▼

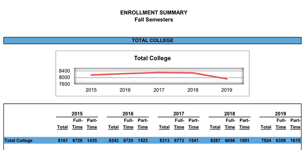 The enrollment of a college is bound to go through ups and downs. Over a five year span, The College At Brockport saw these effects. Between the years of 2015 and 2019 enrollment dropped from 8,161 students to 7,924. Meaning over the course of these five years the school has lost roughly 237 students. These numbers can be impacted both by enrollment itself and by the retention of students as some may level the college before graduating.
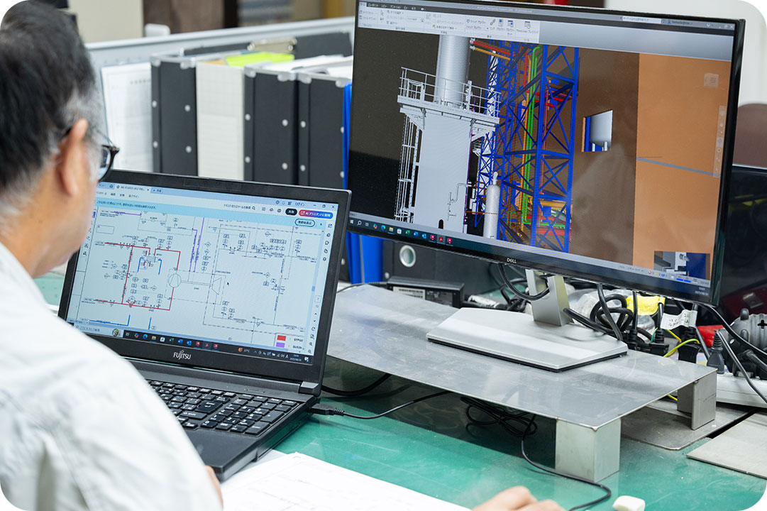 CADを使って施工図面を作成。安全性・効率性を考慮した計画を立てます。
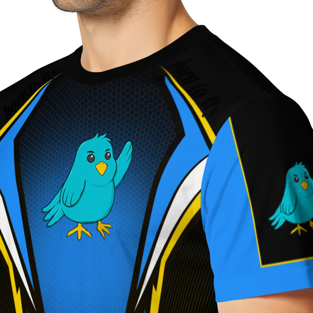 Bird Logo 3D Tshirt – Custom Bold Symmetry Motif Blue Black.
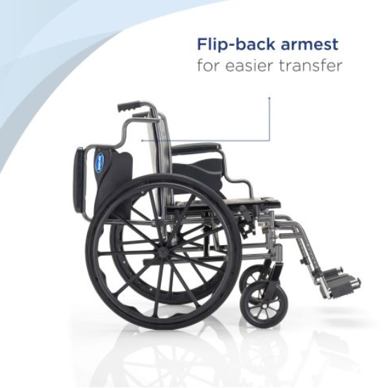 | McKesson Cruiser III Lightweight | 18, 20 | Flip-back padded desk arms | Swing-away elevating leg rests | 300 | 35 | Dual axle seat height & elevating leg rests | Users needing adjustability & higher weight capacity | View Product |
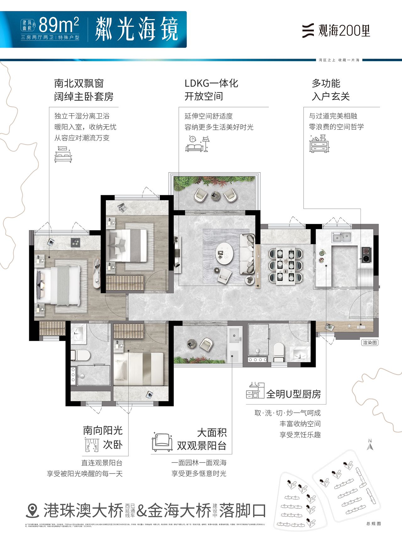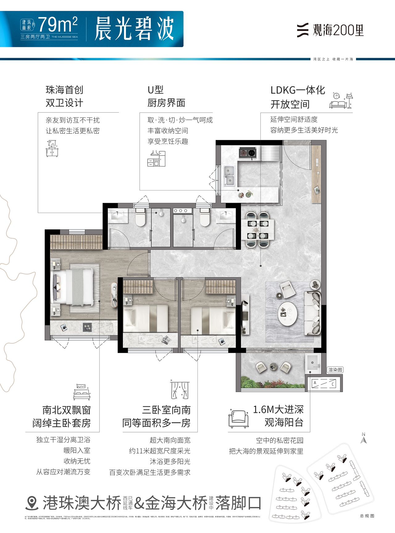 洪鹤大桥、金海大桥(在建中)、金海二桥(规划中)三桥连横琴,10分钟到横琴,24h通关澳门、香港;一站机场,10分钟全球畅达;紧邻未来轨道交通枢纽,1KM城轨站直通湾区11座核心城市。
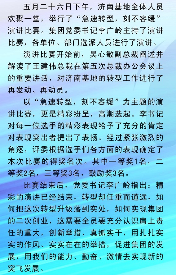 济南基地举行“急速转型,刻不容缓”演讲比赛
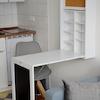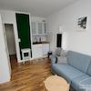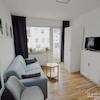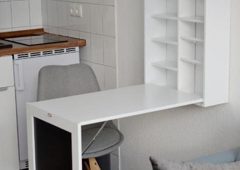 Dieses Apartment ist ein kleines Raumwunder. So gibt es eine hochwertige Schlafcouch für 2 Personen. Einen kleinen Schreibtisch, der bei Nichtnutzung eingeklappt an der Wand befestigt ist. Der Südbalkon hat eine Abstellmöglichkeit und Platz für einen Stuhl.
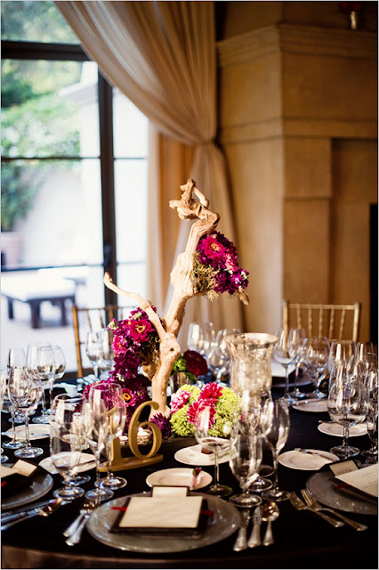Me encanta la decoración de las mesas. Es sencilla y a la vez queda super bonita.La temática de los centros de mesa giraba en torno a ramas secas. En la primera imagen el centro de mesa es una rama seca rodeada de flores en colores fuxia, morado y verde. El mantel de la mesa es negro lo que hace destacar todavía más los centros de mesa. En la segunda imagen continuamos con las ramas secas pero en este caso forman un arbolito que en la copa tiene flores de colores. Queda precioso, ¿verdad?
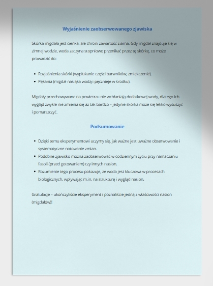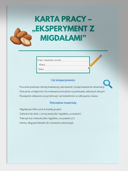 Karta pracy „Eksperyment z migdałami” to doskonałe narzędzie edukacyjne, które wspiera naukę metody badawczej poprzez praktyczne obserwacje. Jest skierowana do uczniów w celu rozwijania ich umiejętności analitycznych i ciekawości przyrodniczej.
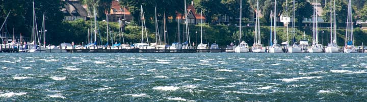 wirkt der Schwimmsteg als Wellenbrecher, und die Bootsrümpfe
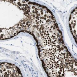 - Immunohistochemical staining of human testis shows strong cytoplasmic and nuclear membrane positivity in cells in seminiferus ducts.
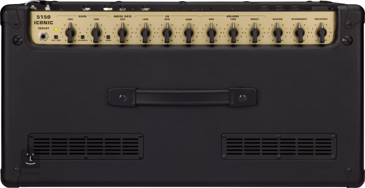 5150 Iconic Series 40W EL34 1x12 Combo Black ponúka úderný lampový zvuk EVH za dostupnejšiu cenu. Ide o dvojkanálové, 40-wattové kombo vybavené na mieru vyrobeným 12-palcovým reproduktorom Celestion, dvojicou elektrónok ECC83 v predzosilňovači a dvoma koncovými elektrónkami EL34.
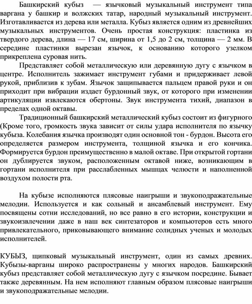 Традиционный башкирский металлический кубыз состоит из фигурного (Кроме того, громкость звука зависит от силы удара исполнителя по язычку кубыза. Колебания язычка производят один основной тон - бурдон. Высота его определяется размером инструмента, толщиной язычка и его кончика. Формируется бурдон преимущественно в малой октаве. При открытой гортани он дублируется звуком, расположенным октавой ниже, возникающим в гортани исполнителя при расслабленных мышцах челюсти и наполненной воздухом полости рта.
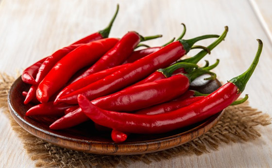 3. الفلفل الحار: إن الكابسيسين هو المركب الرئيسي في الفلفل الحار الذي يمنحه حرارة ونكهة مميزة، والذي يقلل من الشهية ويعزز حرق الدهون. وتوصلت إحدى الدراسات إلى أن تناول الفلفل الحار مع الوجبات الرئيسية يزيد من الشعور بالشبع ويقلل من الرغبة في تناول الطعام، مما يساعد على التحكم في السعرات الحرارية. غير أنه لا توجد كمية محددة من الفلفل الحار أو مسحوق الفلفل الحار (الكابسيسين) للتحكم في الشهية. لكن يمكن دمج كميات معتدلة في الوجبات بما يساعد على الشعور بالشبع لفترة أطول والحد من الرغبة الشديدة في تناول الطعام.
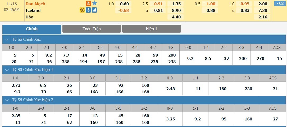 Tỷ lệ kèo cá cược bóng đá trực tuyến trận Đan Mạch vs Iceland
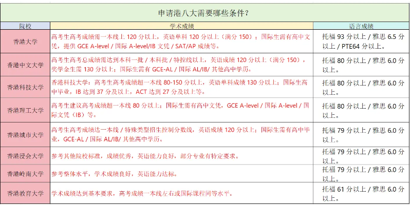 香港八大院校在亚洲乃至全球那都是响当当的,学术水平高,教学资源丰富,毕业生就业前景一片光明。可正因为太优秀了,申请难度大得超乎想象。想申请港八大,高考成绩至少得达到一本线以上,有些热门专业的分数线,甚至比985高校在当地的录取分数线还高。直接申请港八大,真的太难了。

▲

Omit every image. Quote each record exactly.

§ Response to this exercise:
 The enrollment of a college is bound to go through ups and downs. Over a five year span, The College At Brockport saw these effects. Between the years of 2015 and 2019 enrollment dropped from 8,161 students to 7,924. Meaning over the course of these five years the school has lost roughly 237 students. These numbers can be impacted both by enrollment itself and by the retention of students as some may level the college before graduating.
 CADを使って施工図面を作成。安全性・効率性を考慮した計画を立てます。
 Bird Logo 3D Tshirt – Custom Bold Symmetry Motif Blue Black.
 | McKesson Cruiser III Lightweight | 18, 20 | Flip-back padded desk arms | Swing-away elevating leg rests | 300 | 35 | Dual axle seat height & elevating leg rests | Users needing adjustability & higher weight capacity | View Product |
 洪鹤大桥、金海大桥(在建中)、金海二桥(规划中)三桥连横琴,10分钟到横琴,24h通关澳门、香港;一站机场,10分钟全球畅达;紧邻未来轨道交通枢纽,1KM城轨站直通湾区11座核心城市。
 济南基地举行“急速转型,刻不容缓”演讲比赛
 Dieses Apartment ist ein kleines Raumwunder. So gibt es eine hochwertige Schlafcouch für 2 Personen. Einen kleinen Schreibtisch, der bei Nichtnutzung eingeklappt an der Wand befestigt ist. Der Südbalkon hat eine Abstellmöglichkeit und Platz für einen Stuhl.
Me encanta la decoración de las mesas. Es sencilla y a la vez queda super bonita.La temática de los centros de mesa giraba en torno a ramas secas. En la primera imagen el centro de mesa es una rama seca rodeada de flores en colores fuxia, morado y verde. El mantel de la mesa es negro lo que hace destacar todavía más los centros de mesa. En la segunda imagen continuamos con las ramas secas pero en este caso forman un arbolito que en la copa tiene flores de colores. Queda precioso, ¿verdad?
 Karta pracy „Eksperyment z migdałami” to doskonałe narzędzie edukacyjne, które wspiera naukę metody badawczej poprzez praktyczne obserwacje. Jest skierowana do uczniów w celu rozwijania ich umiejętności analitycznych i ciekawości przyrodniczej.
 wirkt der Schwimmsteg als Wellenbrecher, und die Bootsrümpfe
 - Immunohistochemical staining of human testis shows strong cytoplasmic and nuclear membrane positivity in cells in seminiferus ducts.
 5150 Iconic Series 40W EL34 1x12 Combo Black ponúka úderný lampový zvuk EVH za dostupnejšiu cenu. Ide o dvojkanálové, 40-wattové kombo vybavené na mieru vyrobeným 12-palcovým reproduktorom Celestion, dvojicou elektrónok ECC83 v predzosilňovači a dvoma koncovými elektrónkami EL34.
 Традиционный башкирский металлический кубыз состоит из фигурного (Кроме того, громкость звука зависит от силы удара исполнителя по язычку кубыза. Колебания язычка производят один основной тон - бурдон. Высота его определяется размером инструмента, толщиной язычка и его кончика. Формируется бурдон преимущественно в малой октаве. При открытой гортани он дублируется звуком, расположенным октавой ниже, возникающим в гортани исполнителя при расслабленных мышцах челюсти и наполненной воздухом полости рта.
 3. الفلفل الحار: إن الكابسيسين هو المركب الرئيسي في الفلفل الحار الذي يمنحه حرارة ونكهة مميزة، والذي يقلل من الشهية ويعزز حرق الدهون. وتوصلت إحدى الدراسات إلى أن تناول الفلفل الحار مع الوجبات الرئيسية يزيد من الشعور بالشبع ويقلل من الرغبة في تناول الطعام، مما يساعد على التحكم في السعرات الحرارية. غير أنه لا توجد كمية محددة من الفلفل الحار أو مسحوق الفلفل الحار (الكابسيسين) للتحكم في الشهية. لكن يمكن دمج كميات معتدلة في الوجبات بما يساعد على الشعور بالشبع لفترة أطول والحد من الرغبة الشديدة في تناول الطعام.
 Tỷ lệ kèo cá cược bóng đá trực tuyến trận Đan Mạch vs Iceland
 香港八大院校在亚洲乃至全球那都是响当当的,学术水平高,教学资源丰富,毕业生就业前景一片光明。可正因为太优秀了,申请难度大得超乎想象。想申请港八大,高考成绩至少得达到一本线以上,有些热门专业的分数线,甚至比985高校在当地的录取分数线还高。直接申请港八大,真的太难了。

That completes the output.